I couldn’t resist a spot at one of their sunny, barrel-esque tables when I strolled past this week, so I plopped down with a book and ordered some rosé. Service was simple–order at a tiny marble counter, choose your own seat.

I’m still on a rosé kick, so I went with a simple pink gem from Southern France, the Mas Champart Saint-Chinian 2013 Rosé. It was the perfect color for a fall day–a cross between peach skin and bright smoked salmon. The nose was overwhelmingly floral, with happy orange-y notes.

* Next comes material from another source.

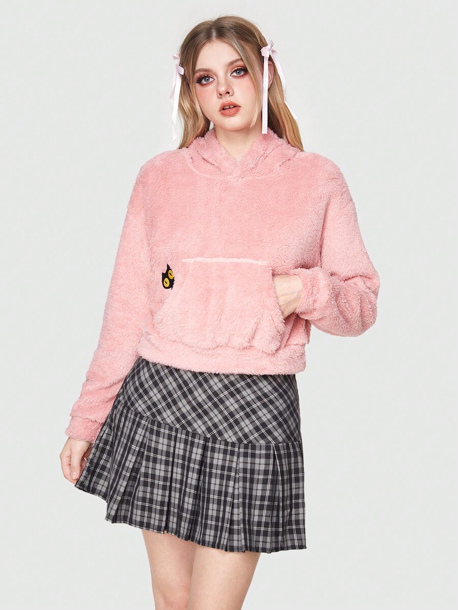 Kawaii Women's Cartoon Cat Embroidery Drop Shoulder Hoodie
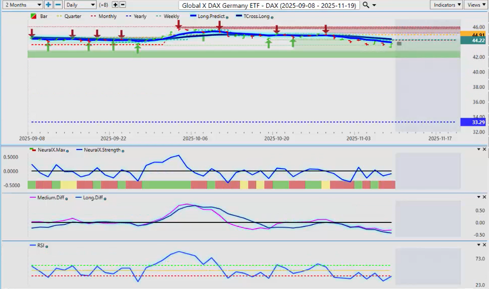 We have a medium-term crossover, a long-term crossover, but our neural index strength is flat. And the predicted RSI has that classic reverse check mark here suggesting that no, maybe this is still corrective in nature.

Sipping this juice in the sun was downright glorious. So glorious that my glass was almost empty by the time I decided to uses words to describe this pink sweetheart. In the end, underripe strawberry flavors kept coming up, with hints of orange, and just the idea of bubbles. So, so refreshing.

The plate in front of me was almost equally glorious. Just bread, bla and bla.

Around me, a father-son bonding talk was happening; a woman in a power suit and puffy vest rapidly emailed on her phone; and a group of Asians chatted happily in French.

On the other side of my table, a line consistently formed and shrank outside the door of Acme bread.

Watching was the only thing to do.

Bar Tavelle Uncorked:

Laura Loves: Pairing frivolous, yet acclaimed, novels with wine like Françoise Sagan’s Bonjour Tristesse.

The simplicity of their menu–what doesn’t sound good about toast with ricotta, honey, and figs?

The seeded rolls at Acme bread.

Adventures on the Wine Route by Kermit Lynch for an early importer’s version of France.